In the thread, he wrote, “Are we ready to talk about one of the biggest scams & frauds perpetrated by some hospitals in the name of cryptic pregnancy? A lot of women have given testimonies of miracle babies that they don’t know are stolen, and no one sees except their doctors.”
He alleged that women are manipulated with hormone injections, fake ultrasound scans, and billed millions of naira.
“These women are injected with female sex hormones that mimic pregnancy, leaving them bloated, vomiting, and with swollen legs. They are shown fake scans and told not to seek second opinions. On the supposed day of delivery, they are sedated, and babies they never carried are handed to them,” he said.
BBC Africa Eye, in an investigation published between November 24 and 27, 2024, also revealed how fraudsters exploit women through the so-called “cryptic pregnancy” scam.

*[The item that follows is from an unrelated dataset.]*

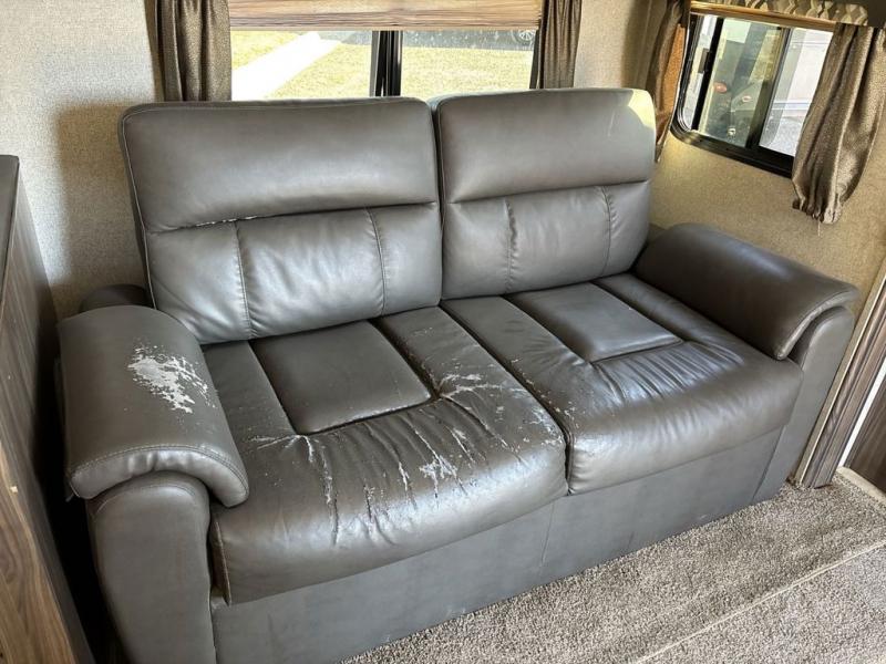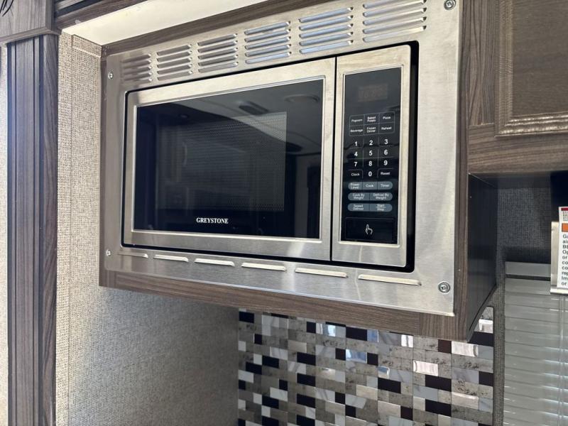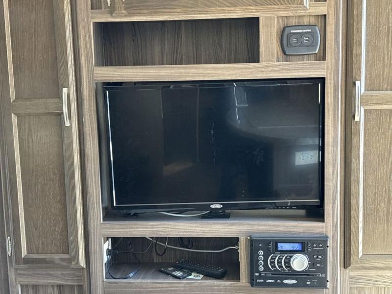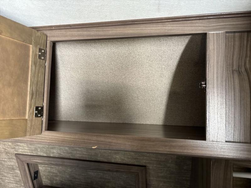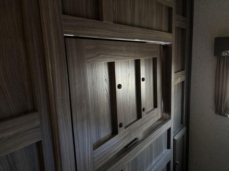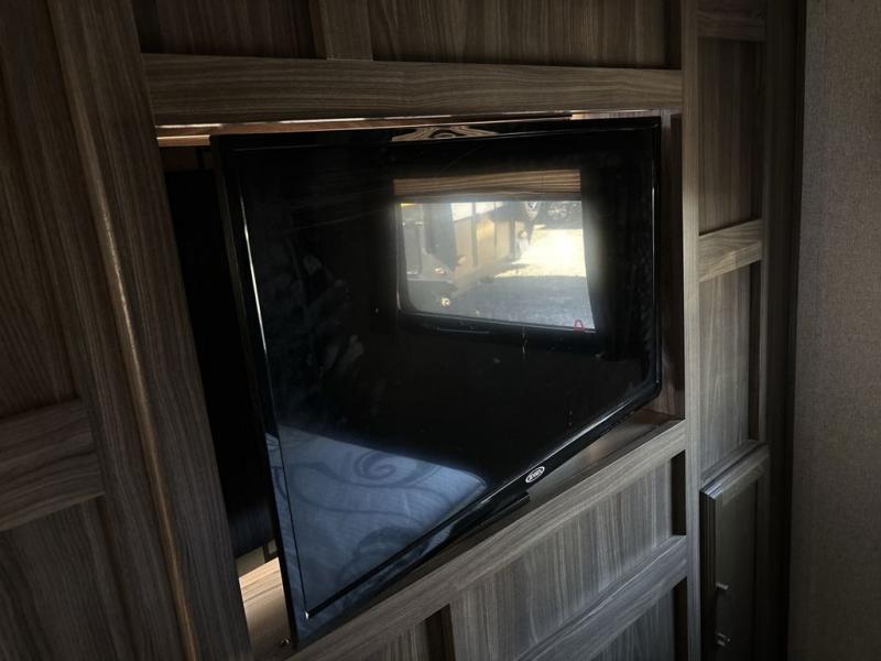 A sofa and booth dinette fill the slide opposite the door and provide some overhead cabinets above the sofa. A nearby entertainment center makes it easy to enjoy from any seating in the room.

The report showed that women were injected with hormones to mimic pregnancy, told not to undergo scans, and eventually handed babies believed to have been trafficked.
“It’s a fertility scam that’s ruthless. Women pay large sums for fake treatments… then they are tricked into believing they’re pregnant and sent home with a baby believed to have been trafficked,” the BBC reported.
The investigation further uncovered facilities where even teenagers were held against their will, while victims told the BBC they were left “confused” and devastated.
The resurfacing of Aproko Doctor’s caution, amplified by The_Bearded_Dr_Sina in connection to Bambam’s viral testimony, underscores the urgent need for vigilance against such fraudulent practices.
With Nigerian doctors and international investigations pointing to the same dangerous trend, experts urge women to seek proper medical attention and rely on evidence-based science rather than unverified miracle claims.